If we consider this 2 "lines" of code, one for the function/method header and one for the message, then we can generate binary for 600KLOC/s. So having a medium size program compile and link in about a second or so seems eminently doable, even if I manage to slow the raw Tcc performance down by about an order of magnitude.

(For comparison: the Swift code base that motivated the Rome caching system for Carthage was clocking in at around 60 lines per second with the then Swift compiler. So even with an anticipated order of magnitude slowdown we'd still be 1000x faster. 1000x is good enough, it's the difference between 3 seconds and an hour.)

What's the downside? Tcc doesn't do a lot of optimization.

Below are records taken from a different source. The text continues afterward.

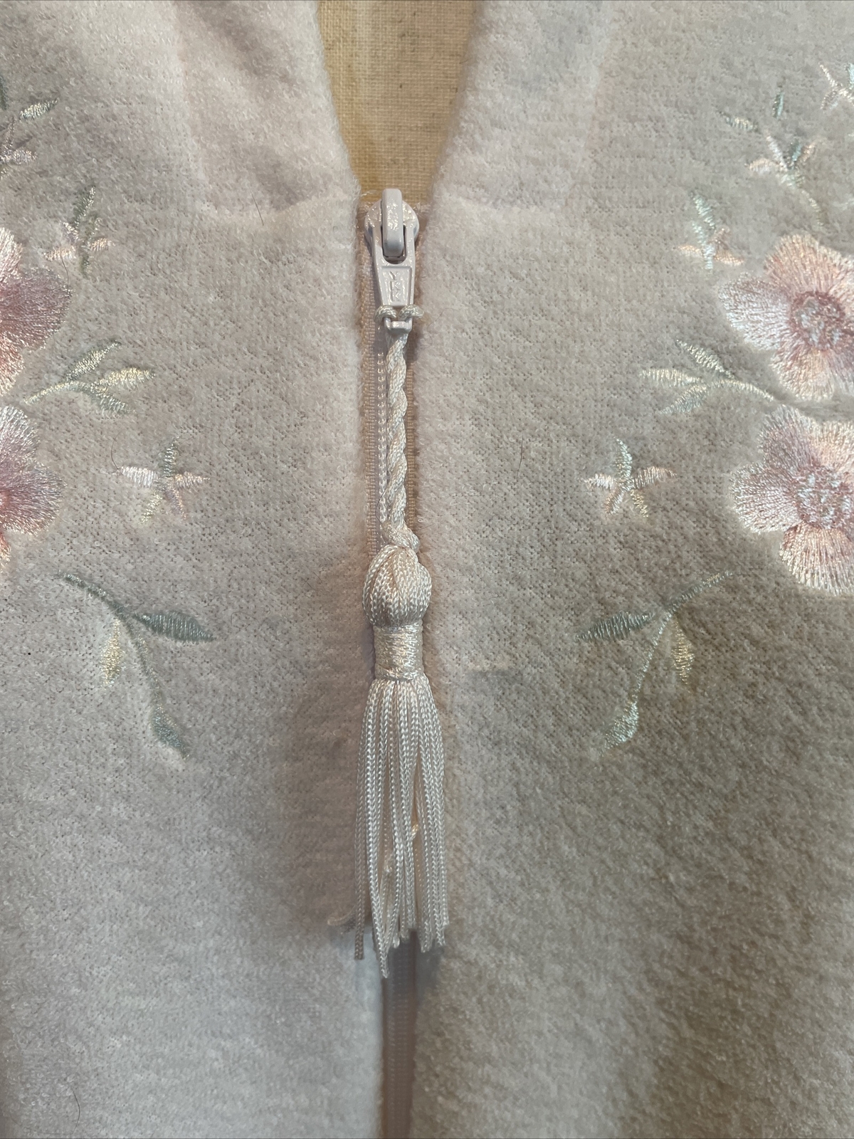 Miss Elaine Large Pink Full Zip Robe House Coat Tassel Embroidered Flowers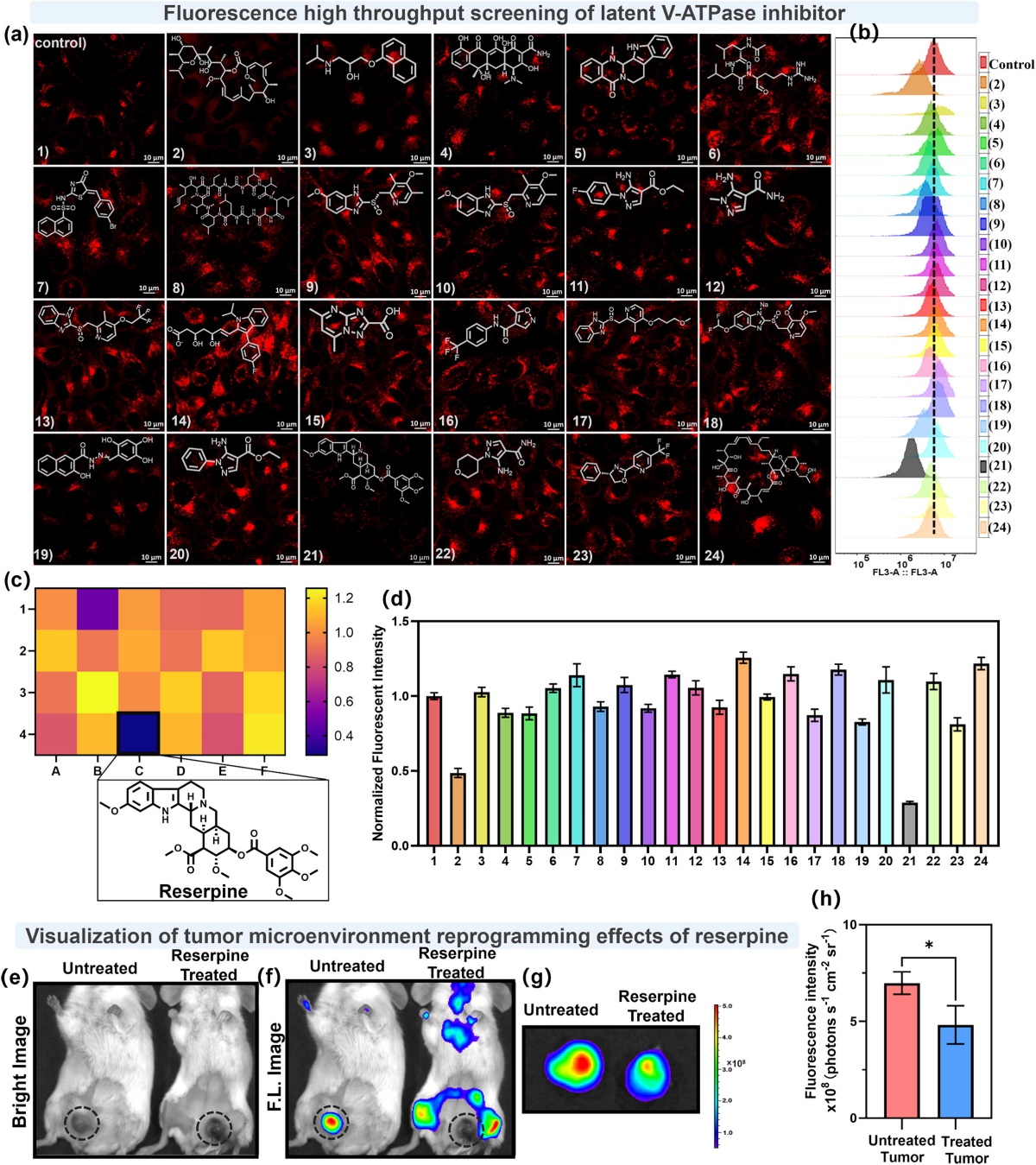 图4 高通量筛选潜在的V-ATP酶抑制剂以及监测利血平诱导的肿瘤微环境重编程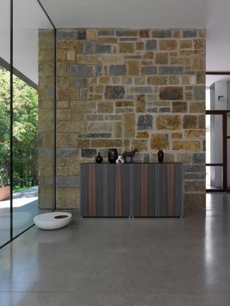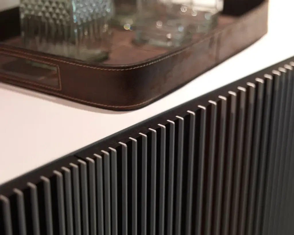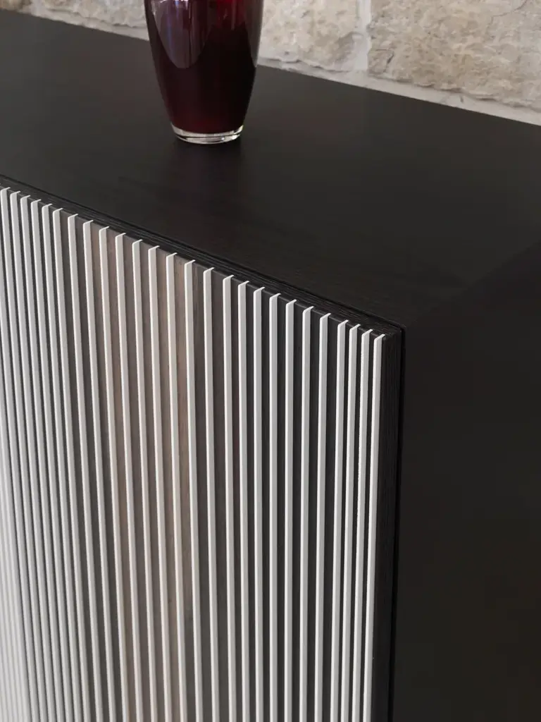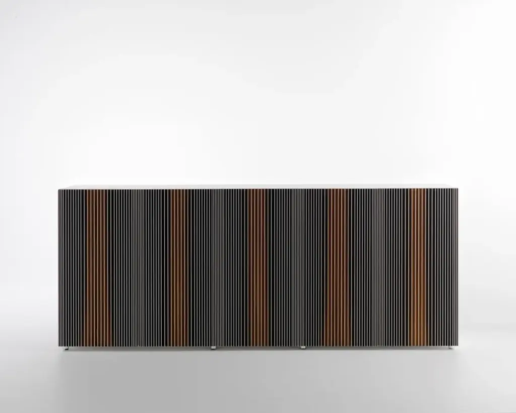 Freely inspired by the work of the Venezuelan artist, Carlos Cruz-Diez and his Op Art style. You perceive this item not as a spectator but as a player who is actively involved with the object itself. It changes in colour depending on your viewpoint, giving the effect of a curtain which opens and closes.Structure made from particleboard, melamine-coated and lacquered. The thickness of the structure and shelves is 18 mm, the back panel 10 mm, and the fixed central divider 36 mm. Door panels of hardboard or plywood, veneered with heat-treated oak, machined vertically to accommodate vertical inserts made of white, full-colour laminates. Shelves made from transparent tempered glass, with polished edge, 5 mm thick. PVC or felt bumpers. Painted ABS adjustable feet with aluminium finish. Optional base, height 16 cm or 32 cm, made from powder-coated iron. Optional accessories: shelf for glasses, extractable cutlery box, extractable tray, wooden shelves.FINISHBody: white lacquered or mocha stained beech Doors: heat-treated oakOptional metal base: white or black

But that's OK as (a) the sorts of optimizations C compilers and backends like LLVM do aren't much use for highly polymorphic and late-bound code and (b) the basics get you around 80% of the way (c) most code doesn't need that much optimization (see above) and (d) machines have become really fast.

And it helps that we aren't doing crazy things like initially allocating function-local variables on the heap or doing function argument copying via vtables that require require leaning on the optimizer to get adequate performance (as in: not 100x slower..).

Defense in Depth

While any of these techniques might be adequate some of the time, it's the combination that I think will make the Objective-Smalltalk tooling a refreshing, pleasant and highly productive alternative to existing toolchains, because it will be reliably fast under all circumstances.

And it doesn't really take (much) rocket science, just a willingness to make this aspect a priority.

1 comment:

Anonymous said...

thank you there, i find your articles about objective smalltalk highly interesting.

you are not the only one left cold by swift. for every step forward it takes two steps back. and many of the so-called improvements actually aren't useful, if you've been doing objective-c for 15 years. maybe it helps if you are new, or coming from java...